Floods are considered the most damaging of natural hazards, and their frequency and damage is predicted to increase in the future. This research aims to develop an automated methodology using statistical and machine learning approaches that can perform a probabilistic monthly flood forecast. The methodology was tested to handle multiple variables as predictors. The significance of the spatial variability of the predictors was determined through model maps using 222 hydrological reference stations in Australia. Variable screening to forecast the upper 10th percentile of flow was based on the ten best scoring variables using Random Forests (RF), and flexible forecast models were developed using Generalized Additive Models (GAM).
Results showed that the methodology can be used to sort through many variables (i.e. past streamflow, rainfall, Southern Oscillation Index (SOI), El Niño/ Southern Oscillation Modoki Index (EMI), and Pacific Sea Surface Temperatures (SST)) as predictors. It can be easily updated and it can vary spatially. The basic conceptual model assumed that Flow was a function of Antecedent conditions (=Lag rainfall), Flow memory (=Seasonality + autocorrelation), Climate effects (=SST indices) and random noise.

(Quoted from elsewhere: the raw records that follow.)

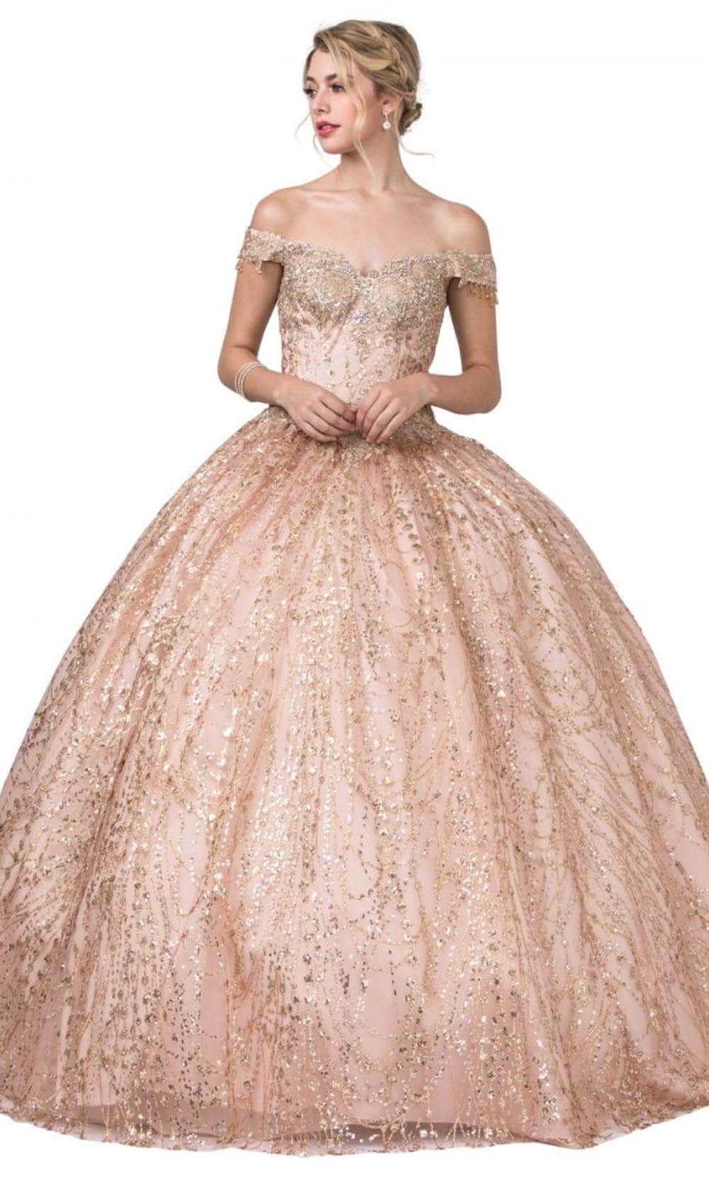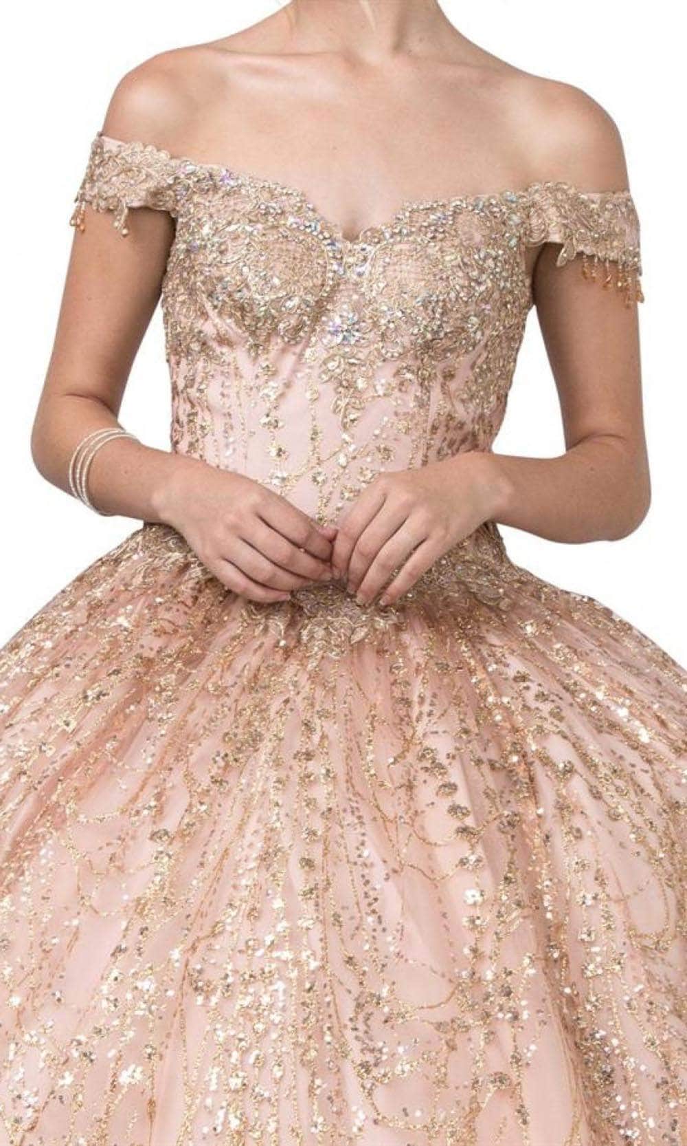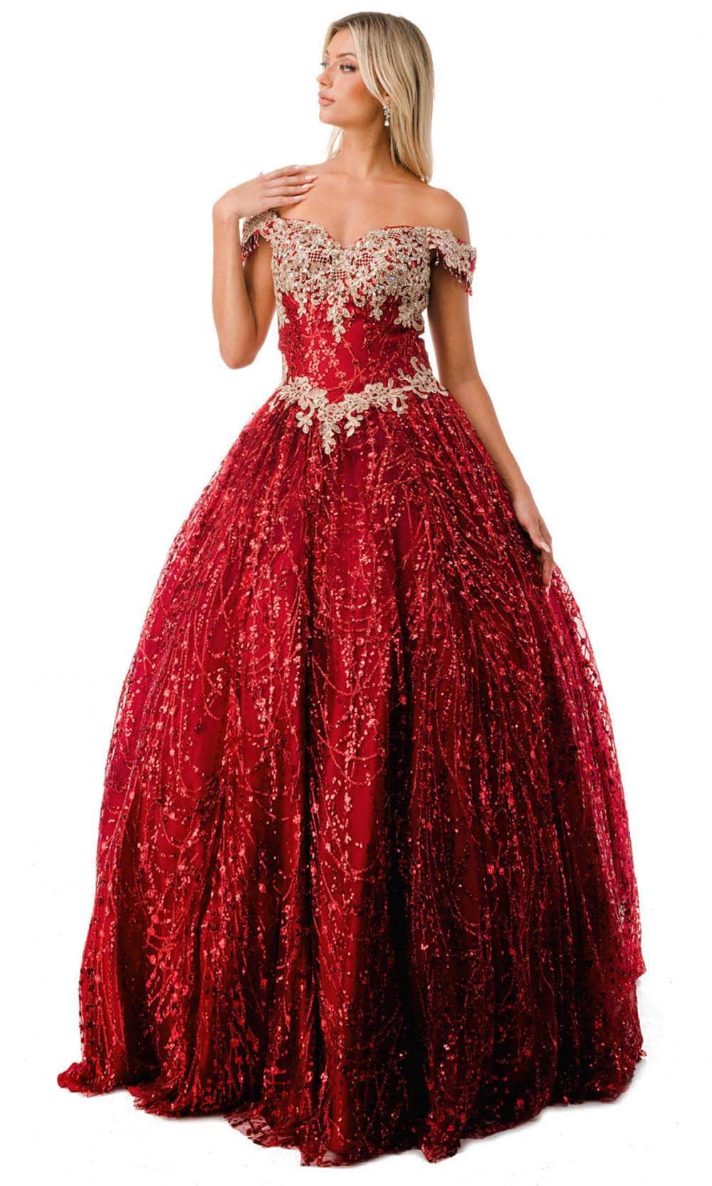 Be a queen of your own right in this remarkable gown by Aspeed Design L2364. Fabulously embellished with lace applique and glittering beads, this gown is sure to be a show-stopper. The off-shoulder sweetheart neckline has cap sleeves with playful beaded fringes. Skin is displayed at the back with its mid-open detail, and it is secured by an adjustable lace-up tie closure. From the basque waist, the skirt forms a voluminous ballgown silhouette that gorgeously glides to the floor and sweeping train. This Aspeed Design L2364 creation gives you an intricate look that will last a lifetime. Models are wearing the Burgundy, and Rosegold colors.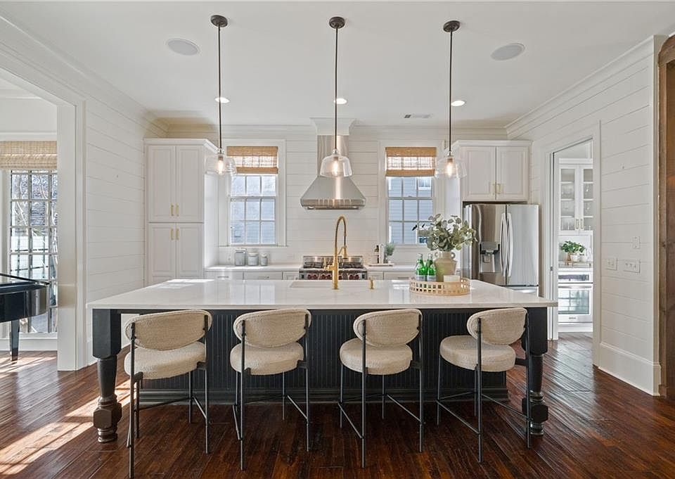 High ceilingsLarge central islandExtensive trimUpgraded hand-scraped hardwood floorsTall baseboardsGrilling areaMudroom with custom cabinetry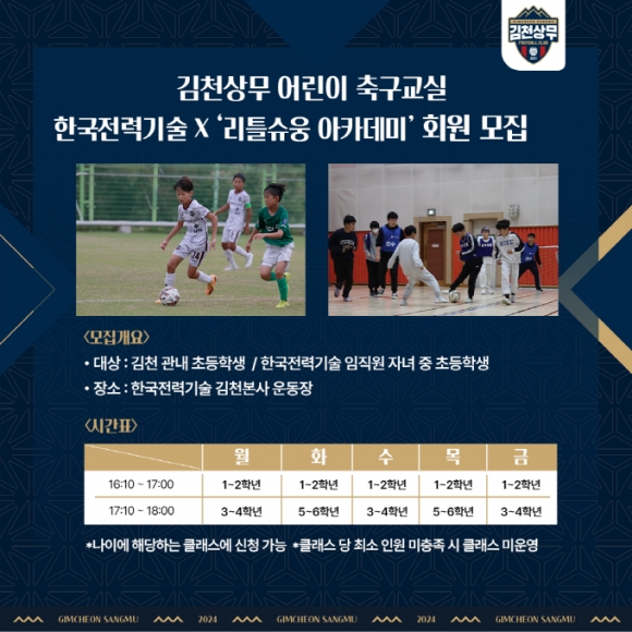 한편, 김천상무 ‘리틀슈웅 아카데미’ 입단 등 자세한 사항은 구단 공식 홈페이지 공지 사항에서 확인할 수 있으며, 선수운영팀(070-4105-4057)으로 전화 문의할 수 있다. |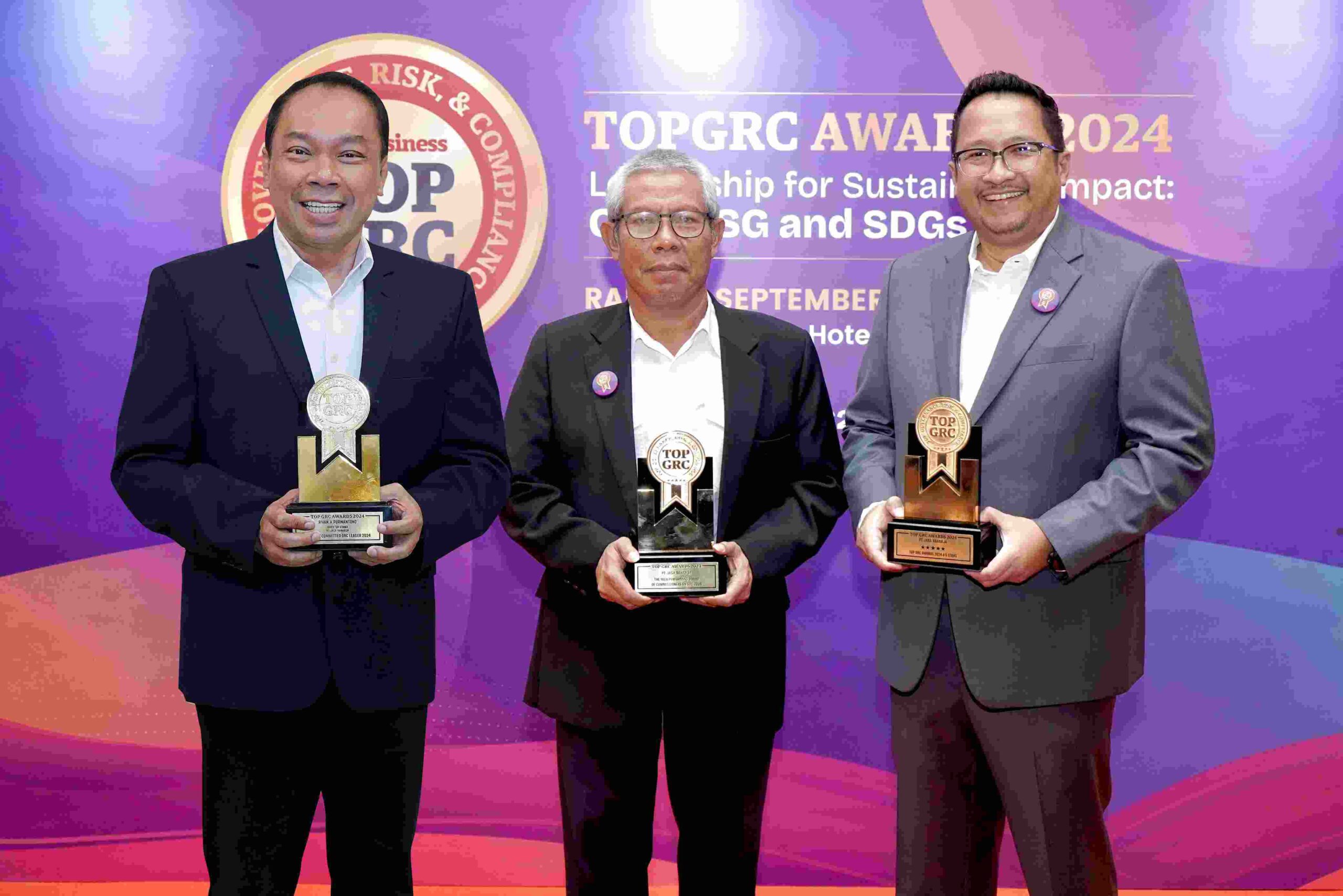 Sejumlah penghargaan, yakni ‘TOP GRC Awards 2024 #5Star’, ‘The High Performing Board of Commissioners on GRC 2024’ yang diberikan kepada Dewan Komisaris Jasa Raharja, dan ‘The Most Committed GRC Leader 202y’ yang dinobatkan kepada Direktur Utama Jasa Raharja Rivan A. Purwantono. Apresiasi tersebut diterima oleh Direktur Manajemen Risiko dan Kepatuhan Jasa Raharja, Harwan Muldidarmawan dan Komisaris Independen Jasa Raharja, Eko Suwardi.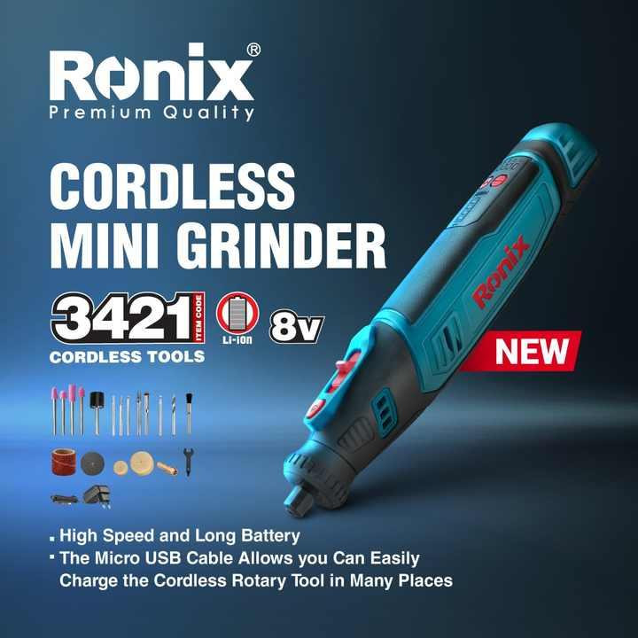 فرز مینیاتوری شارژی 3421 رونیکس مجهز به یک موتور DC 8 ولت است که سرعتی بالغ بر 30000 دور در دقیقه تولید کرده و به ابزارگیر 3.2 میلی متری خود منتقل می کند. سرعتی که در 5 حالت مختلف، در بازه 5000 تا 30000 دور در دقیقه و متناسب با سطح کار شما قابل تنظیم است.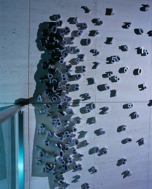 Kumi: How… Like I said before, the most important thing for my doing my work is that I always feel happy. If this isn’t the case, I definitely can’t make anything that will satisfy me. When I’m happy, ideas come to me naturally. I don’t consciously think about ideas. Ideas just pop up, and I sketch them on paper. After that, I move toward making them into real works. First I set the pieces up on the floor with light coming from the side. When I’m finished with that, I move them up onto the wall.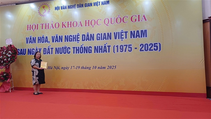 Đáng chú ý, hội thảo năm nay ghi nhận sự tham gia của sinh viên trẻ với những nghiên cứu có chiều sâu. Sinh viên Hà Ngọc Dương đã trình bày bài viết: “Từ điệu múa thần tiên đến di sản cộng đồng: “Bảo tồn và phát huy nghệ thuật Dậm Thuông của người Tày ở Mường Nặm trong thời đại mới”. Bài viết đã trần thuật được loại hình nghệ thuật múa Dậm Thuông – một hình thức biểu đạt tâm linh và cộng đồng đặc sắc của người Tày, đồng thời đề xuất hướng tiếp cận bảo tồn dưới góc nhìn di sản văn hóa phi vật thể, kết hợp với truyền thông số và hoạt động du lịch cộng đồng.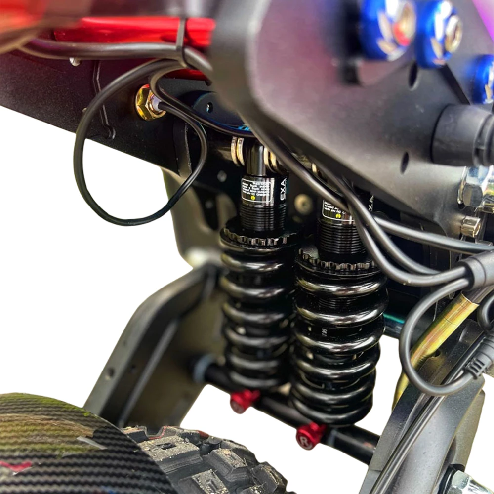 Полный привод с двумя моторами номиналом 250 Вт (пик 6000 Вт) обеспечивает разгон до 90 км/ч и уверенный подъем в горку под 150 кг, на неровностях 12" пневмоколеса с амортизацией гасят вибрации; литий-ионный аккумулятор 60V 50Ah дает реальный пробег 60-80 км в eco-режиме, 40-60 км в sport при 70-80 кг. Гидравлические дисковые тормоза останавливают эффективно даже на мокром; режимы Eco/Drive/Sport балансируют скорость/запас (Eco — 40 км/ч, 100+ км; Sport — 90 км/ч, 40 км), энергоэффективность высока за счет контроллера 60V 50A. Зарядка стандартная 7 часов, быстрой нет.​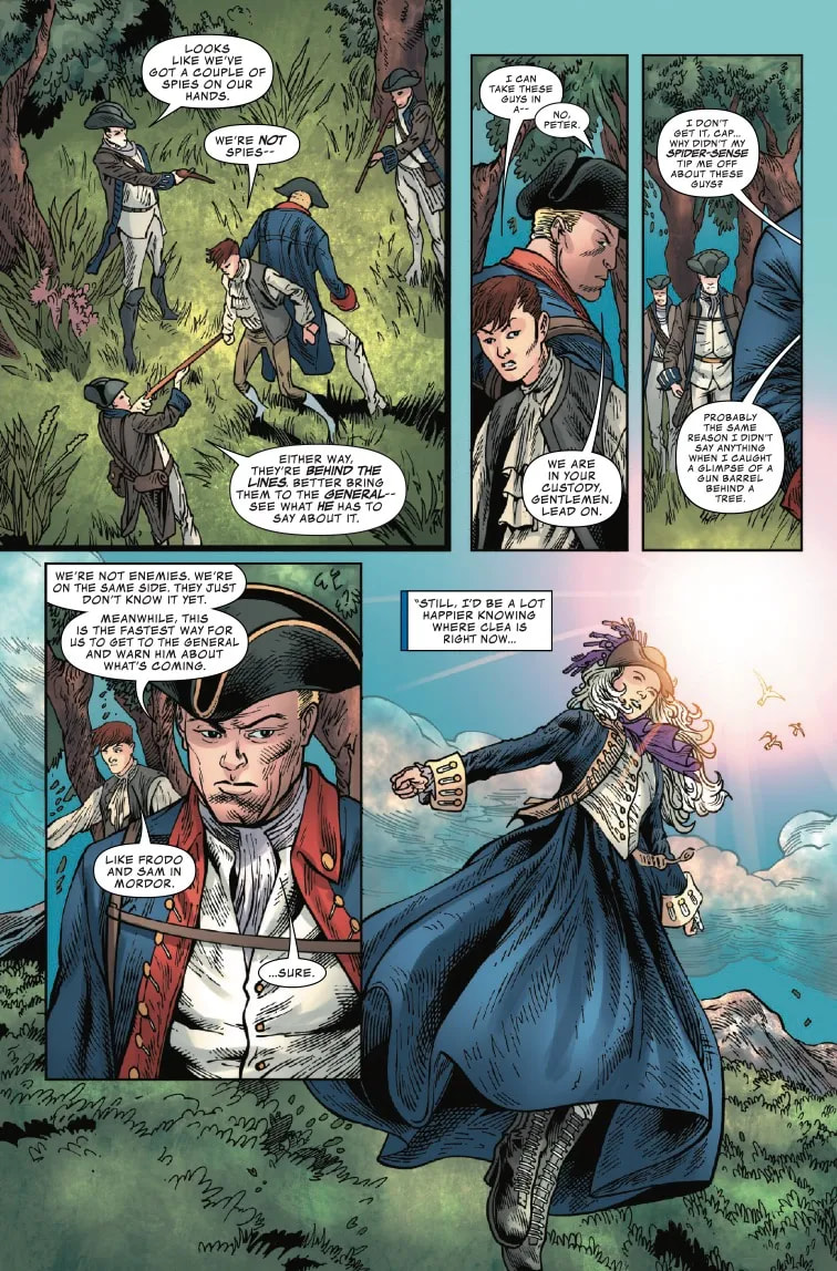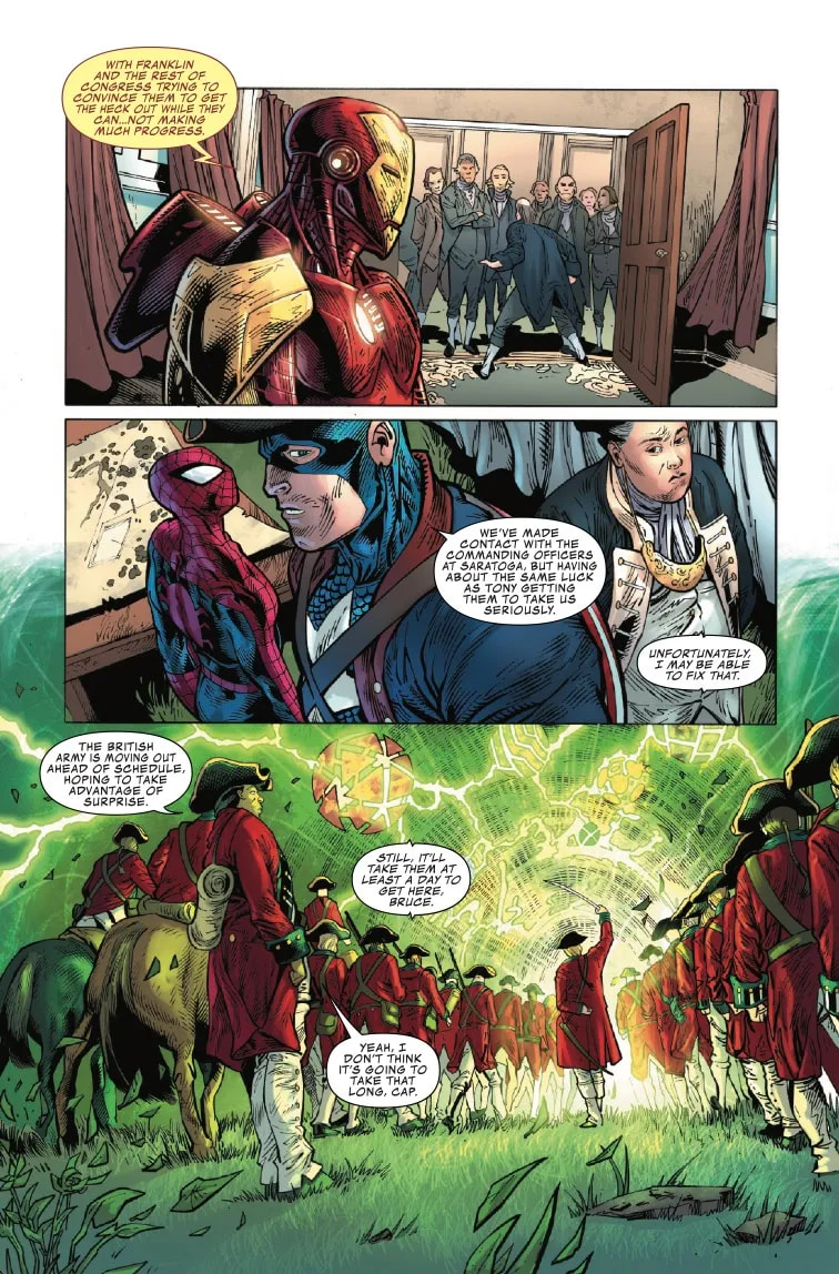 - Calamity strikes when a mysterious force dares to tamper with the sacred threads of history. CAPTAIN AMERICA and his formidable squad of Marvel heroes leap into action! Their mission? To safeguard the founding of the United States of America! The fate of the nation hangs in the balance at the dawn of the Revolution, as these valiant heroes must navigate the treacherous waters of the past to ensure a future that remains untarnished.

Lagged flow, lagged rainfall, and lagged NIÑO 1+2 were the most important predictors using a monthly one-out cross-validation (OOCV) process and a forward cross-validation process (FCV). The Gilbert Skill Score indicated that using transformed flow data performed better than using non-transformed flow data or binary data. Model performance was affected by unsupervised variable selection in the RF model; and the employed threshold (10%) which defines a flood event. Overall skill scores based on OOCV process were in the range of 0.2-0.5 indicating reasonable forecast skill.